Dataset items
──────
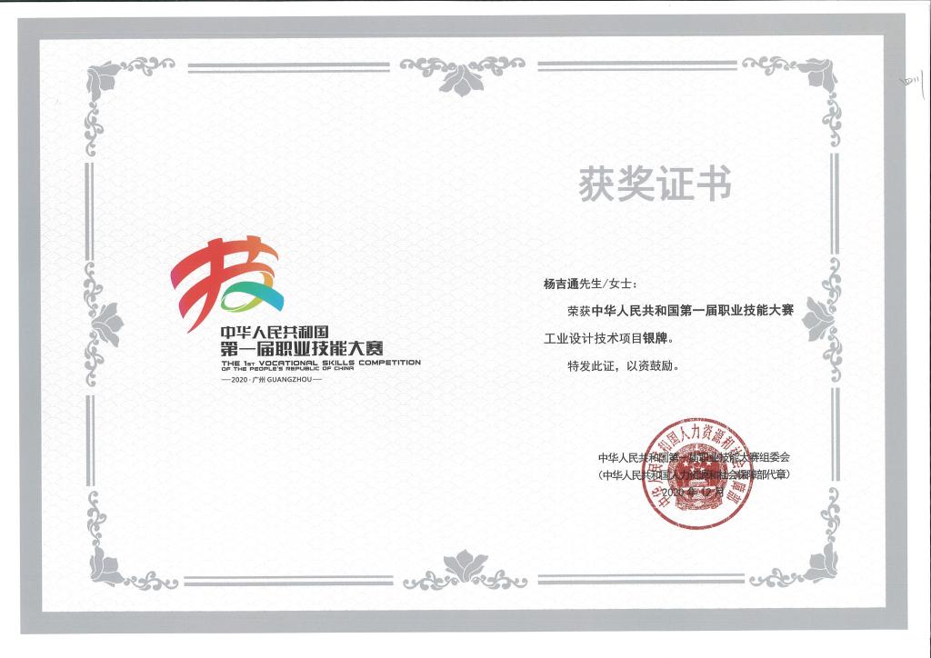全国第一届技能大赛银奖
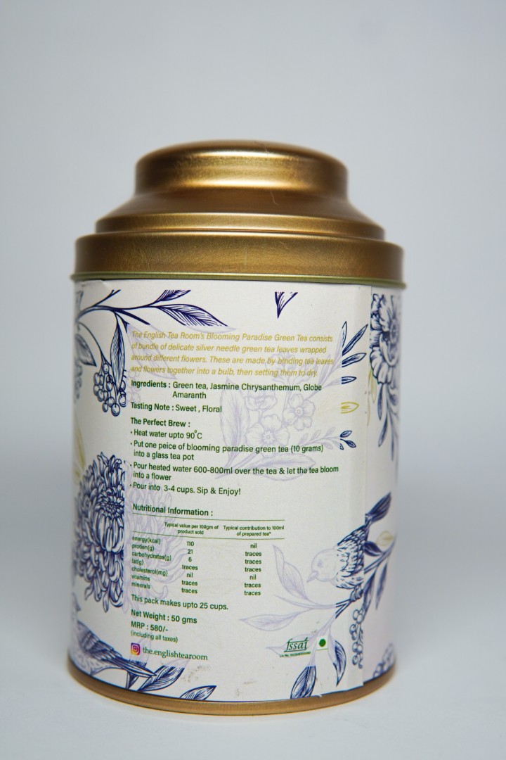 infused with jasmine chrysanthemum and globe amaranth flower petals.
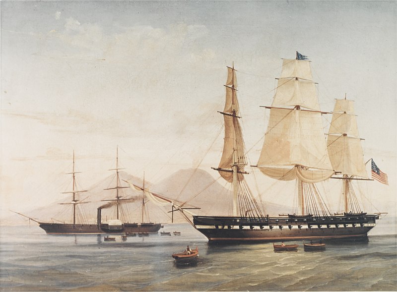 מימין: פריגטת המפרשים USS Congress, משמאל פריגטת הקיטור USS Susquehanna בנאפולי. ציור מאת Tomaso De Simone, שנה: 1857. מקור: U.S. Navy Art Collection. העתק: wikimedia commons
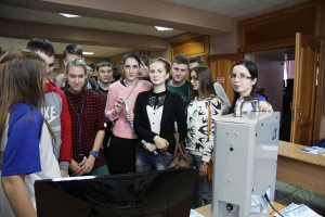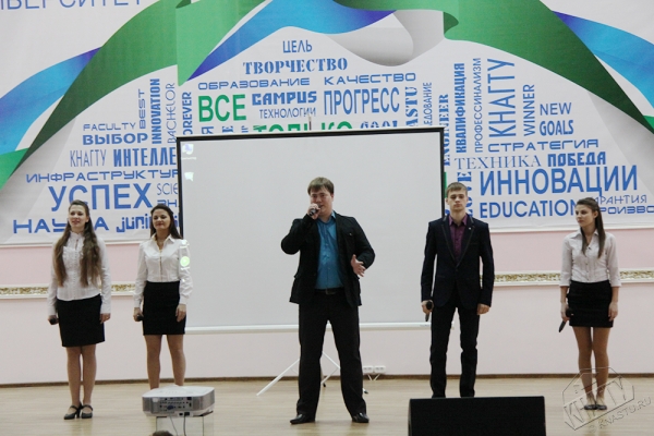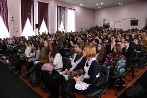 В холле перед актовым залом КнАГТУ проходили презентации университетов Хабаровского края. Здесь старшеклассникам раздавали буклеты об университетах, в которых содержалась подробная информация о направлениях и специальностях подготовки.
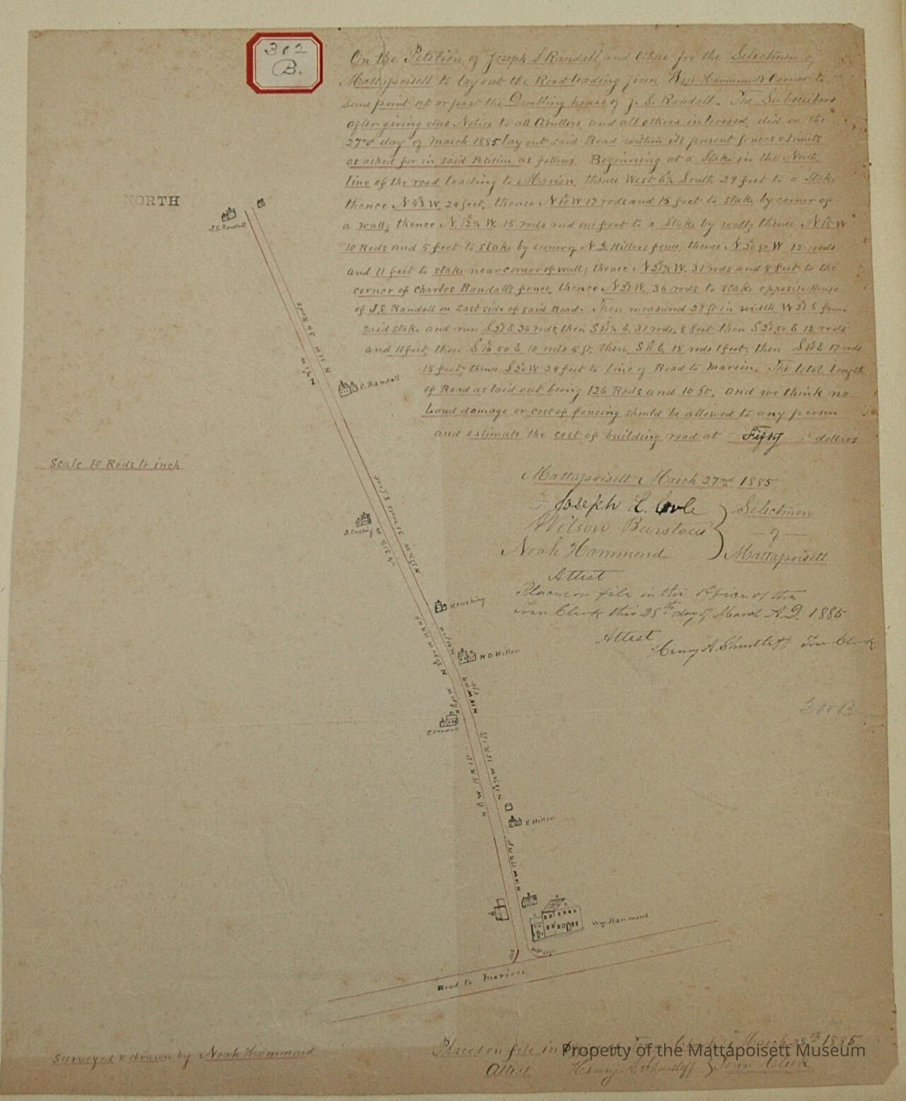 On the Petition of Joseph S. Randall and others for the Selectmen of Mattapoisett to lay out the road leading from William Hammond’s corner to some point at or past the dwelling house of J. S. Randall. The Subscribers after giving due notice to all abuttors and all others interested did on the 27th day of March 1885, lay out said Road within its present fences & limits as asked for in said Petition as follows.
──────
What the exercise asks: Print exactly the lines from the first line of the records above through the line containing "מימין: פריגטת המפרשים", both included, and leave the pictures out.

Result of this exercise:
全国第一届技能大赛银奖
 infused with jasmine chrysanthemum and globe amaranth flower petals.
 מימין: פריגטת המפרשים USS Congress, משמאל פריגטת הקיטור USS Susquehanna בנאפולי. ציור מאת Tomaso De Simone, שנה: 1857. מקור: U.S. Navy Art Collection. העתק: wikimedia commons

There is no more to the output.